# Task input
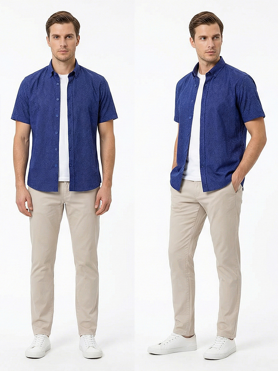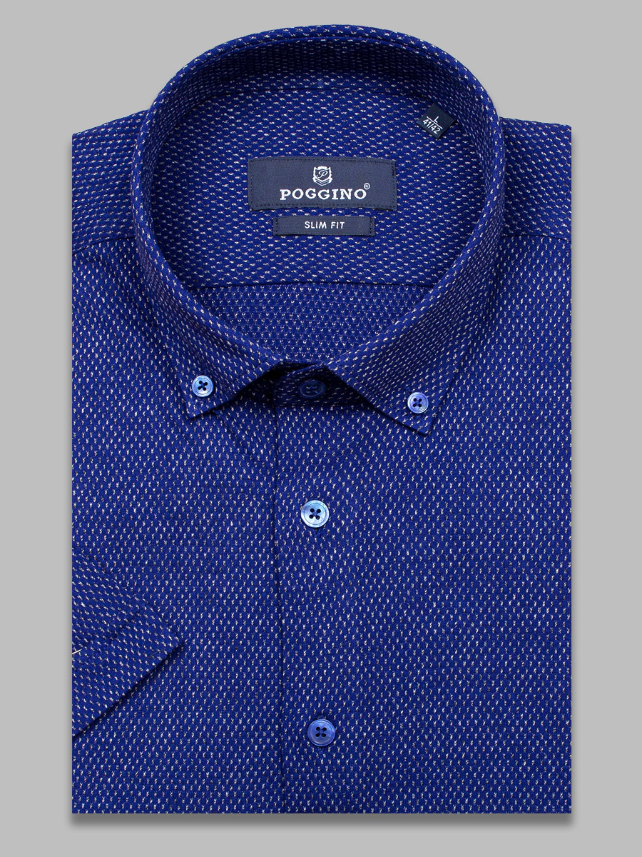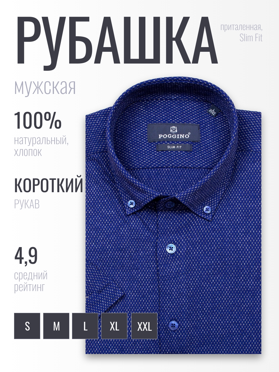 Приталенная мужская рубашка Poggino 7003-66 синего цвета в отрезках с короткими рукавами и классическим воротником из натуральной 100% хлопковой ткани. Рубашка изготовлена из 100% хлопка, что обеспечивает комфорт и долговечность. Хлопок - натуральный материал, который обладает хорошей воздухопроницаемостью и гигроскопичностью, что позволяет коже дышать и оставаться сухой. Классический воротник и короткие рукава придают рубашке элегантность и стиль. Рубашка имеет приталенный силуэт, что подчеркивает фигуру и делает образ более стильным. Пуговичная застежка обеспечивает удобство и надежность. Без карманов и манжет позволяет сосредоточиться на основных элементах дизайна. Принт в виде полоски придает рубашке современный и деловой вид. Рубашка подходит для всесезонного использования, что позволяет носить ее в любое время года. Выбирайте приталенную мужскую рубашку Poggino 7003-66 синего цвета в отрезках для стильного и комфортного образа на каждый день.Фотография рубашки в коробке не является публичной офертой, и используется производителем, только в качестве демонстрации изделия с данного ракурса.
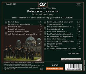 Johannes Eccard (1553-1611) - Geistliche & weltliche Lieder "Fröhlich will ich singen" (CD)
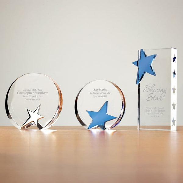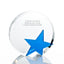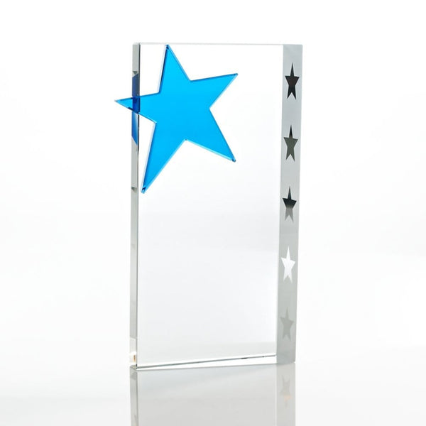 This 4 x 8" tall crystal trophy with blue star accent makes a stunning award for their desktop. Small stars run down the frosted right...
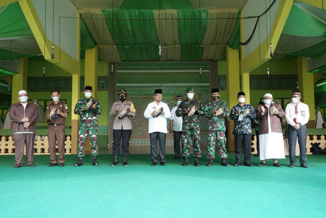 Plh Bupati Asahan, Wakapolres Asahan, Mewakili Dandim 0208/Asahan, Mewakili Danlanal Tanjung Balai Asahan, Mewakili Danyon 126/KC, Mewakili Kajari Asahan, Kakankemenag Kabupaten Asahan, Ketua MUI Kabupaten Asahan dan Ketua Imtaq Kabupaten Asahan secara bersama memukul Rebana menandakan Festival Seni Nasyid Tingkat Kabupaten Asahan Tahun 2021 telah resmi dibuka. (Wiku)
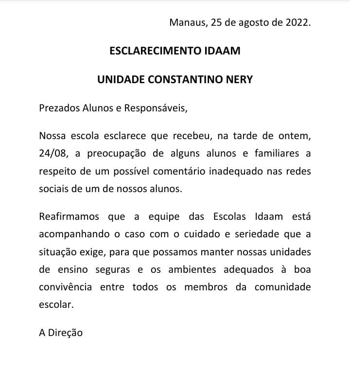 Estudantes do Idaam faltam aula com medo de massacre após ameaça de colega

# What the task requires
Only an exact, picture-free copy of the entries counts as the answer.

# Result for this task
 Приталенная мужская рубашка Poggino 7003-66 синего цвета в отрезках с короткими рукавами и классическим воротником из натуральной 100% хлопковой ткани. Рубашка изготовлена из 100% хлопка, что обеспечивает комфорт и долговечность. Хлопок - натуральный материал, который обладает хорошей воздухопроницаемостью и гигроскопичностью, что позволяет коже дышать и оставаться сухой. Классический воротник и короткие рукава придают рубашке элегантность и стиль. Рубашка имеет приталенный силуэт, что подчеркивает фигуру и делает образ более стильным. Пуговичная застежка обеспечивает удобство и надежность. Без карманов и манжет позволяет сосредоточиться на основных элементах дизайна. Принт в виде полоски придает рубашке современный и деловой вид. Рубашка подходит для всесезонного использования, что позволяет носить ее в любое время года. Выбирайте приталенную мужскую рубашку Poggino 7003-66 синего цвета в отрезках для стильного и комфортного образа на каждый день.Фотография рубашки в коробке не является публичной офертой, и используется производителем, только в качестве демонстрации изделия с данного ракурса.
 Johannes Eccard (1553-1611) - Geistliche & weltliche Lieder "Fröhlich will ich singen" (CD)
 This 4 x 8" tall crystal trophy with blue star accent makes a stunning award for their desktop. Small stars run down the frosted right...
 Plh Bupati Asahan, Wakapolres Asahan, Mewakili Dandim 0208/Asahan, Mewakili Danlanal Tanjung Balai Asahan, Mewakili Danyon 126/KC, Mewakili Kajari Asahan, Kakankemenag Kabupaten Asahan, Ketua MUI Kabupaten Asahan dan Ketua Imtaq Kabupaten Asahan secara bersama memukul Rebana menandakan Festival Seni Nasyid Tingkat Kabupaten Asahan Tahun 2021 telah resmi dibuka. (Wiku)
 Estudantes do Idaam faltam aula com medo de massacre após ameaça de colega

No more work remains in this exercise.